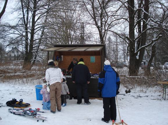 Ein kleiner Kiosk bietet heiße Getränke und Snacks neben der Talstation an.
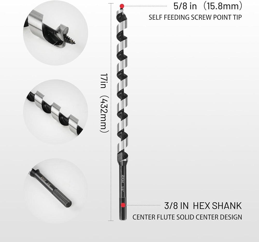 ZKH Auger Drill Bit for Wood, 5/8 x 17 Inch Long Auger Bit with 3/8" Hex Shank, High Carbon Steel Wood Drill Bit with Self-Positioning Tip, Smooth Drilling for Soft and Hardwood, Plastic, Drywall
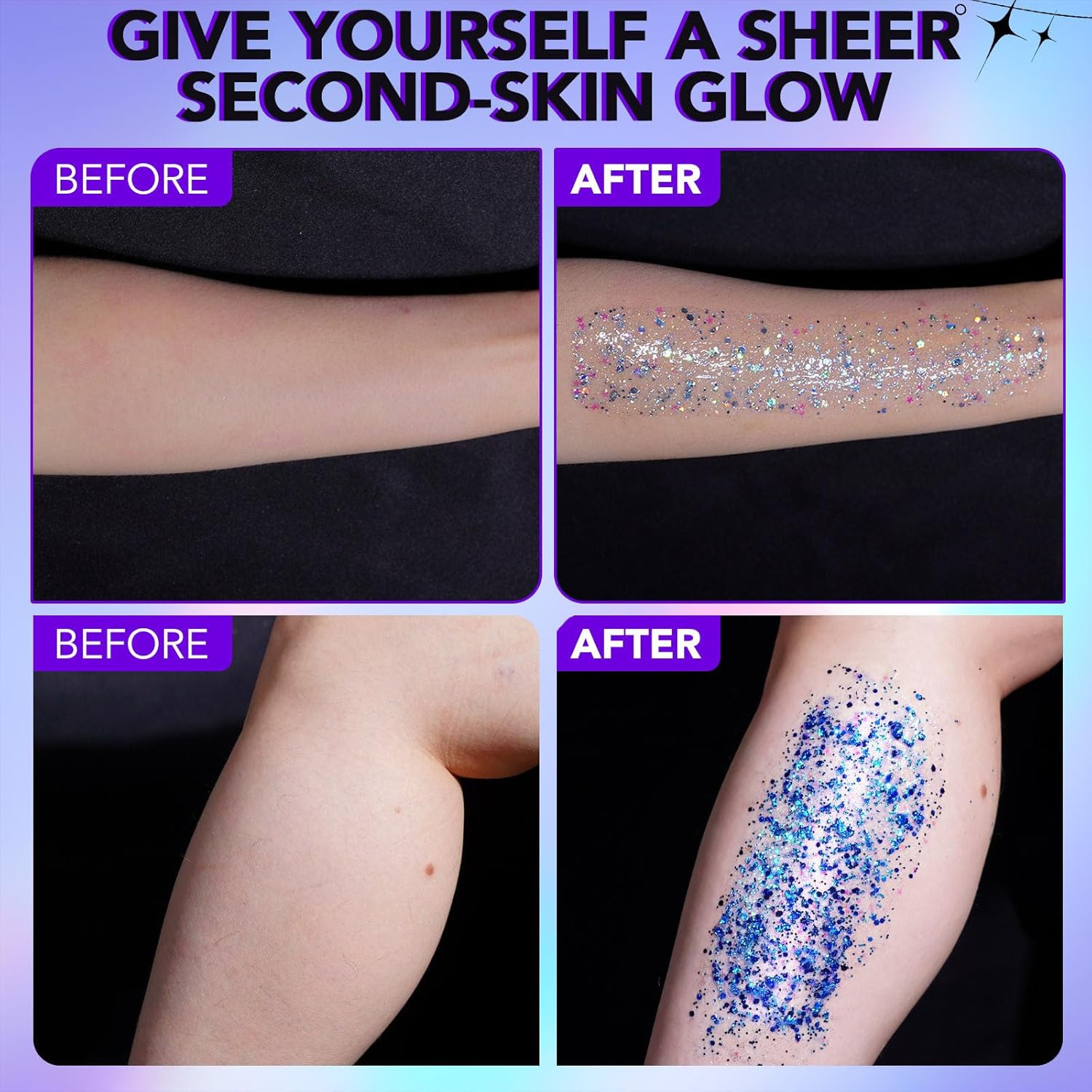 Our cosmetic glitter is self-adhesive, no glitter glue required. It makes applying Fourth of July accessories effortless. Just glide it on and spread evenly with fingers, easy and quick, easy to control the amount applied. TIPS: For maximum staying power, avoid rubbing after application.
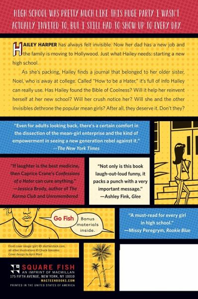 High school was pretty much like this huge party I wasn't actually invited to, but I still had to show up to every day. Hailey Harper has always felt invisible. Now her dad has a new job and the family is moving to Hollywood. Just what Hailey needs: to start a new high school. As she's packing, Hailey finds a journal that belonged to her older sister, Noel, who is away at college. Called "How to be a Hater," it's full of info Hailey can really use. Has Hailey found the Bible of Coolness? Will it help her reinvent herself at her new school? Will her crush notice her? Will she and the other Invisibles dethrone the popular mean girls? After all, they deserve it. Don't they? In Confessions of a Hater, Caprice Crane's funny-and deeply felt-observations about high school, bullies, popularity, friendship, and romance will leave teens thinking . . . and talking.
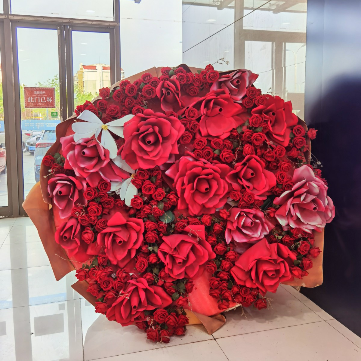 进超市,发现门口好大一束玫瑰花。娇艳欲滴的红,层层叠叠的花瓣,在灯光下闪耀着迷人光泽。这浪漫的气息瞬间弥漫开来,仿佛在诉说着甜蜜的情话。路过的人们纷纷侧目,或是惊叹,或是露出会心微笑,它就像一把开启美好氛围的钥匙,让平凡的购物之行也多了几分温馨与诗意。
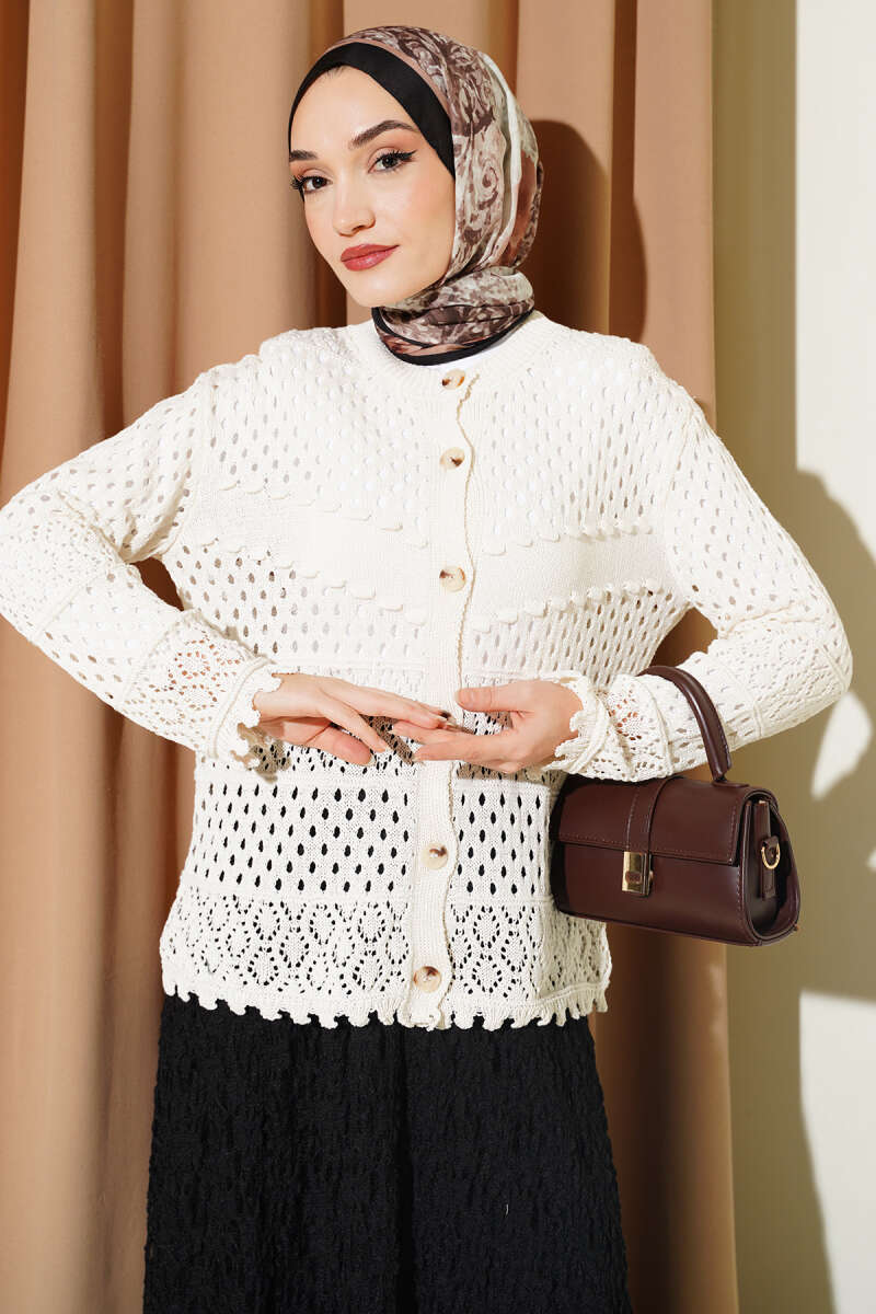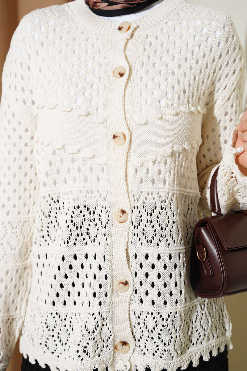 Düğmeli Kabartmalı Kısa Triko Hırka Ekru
━━━━━━━━━━━━━━━━
Directions =
Output all entries unchanged; skip the pictures.

Solution for this exercise =
 Ein kleiner Kiosk bietet heiße Getränke und Snacks neben der Talstation an.
 ZKH Auger Drill Bit for Wood, 5/8 x 17 Inch Long Auger Bit with 3/8" Hex Shank, High Carbon Steel Wood Drill Bit with Self-Positioning Tip, Smooth Drilling for Soft and Hardwood, Plastic, Drywall
 Our cosmetic glitter is self-adhesive, no glitter glue required. It makes applying Fourth of July accessories effortless. Just glide it on and spread evenly with fingers, easy and quick, easy to control the amount applied. TIPS: For maximum staying power, avoid rubbing after application.
 High school was pretty much like this huge party I wasn't actually invited to, but I still had to show up to every day. Hailey Harper has always felt invisible. Now her dad has a new job and the family is moving to Hollywood. Just what Hailey needs: to start a new high school. As she's packing, Hailey finds a journal that belonged to her older sister, Noel, who is away at college. Called "How to be a Hater," it's full of info Hailey can really use. Has Hailey found the Bible of Coolness? Will it help her reinvent herself at her new school? Will her crush notice her? Will she and the other Invisibles dethrone the popular mean girls? After all, they deserve it. Don't they? In Confessions of a Hater, Caprice Crane's funny-and deeply felt-observations about high school, bullies, popularity, friendship, and romance will leave teens thinking . . . and talking.
 进超市,发现门口好大一束玫瑰花。娇艳欲滴的红,层层叠叠的花瓣,在灯光下闪耀着迷人光泽。这浪漫的气息瞬间弥漫开来,仿佛在诉说着甜蜜的情话。路过的人们纷纷侧目,或是惊叹,或是露出会心微笑,它就像一把开启美好氛围的钥匙,让平凡的购物之行也多了几分温馨与诗意。
 Düğmeli Kabartmalı Kısa Triko Hırka Ekru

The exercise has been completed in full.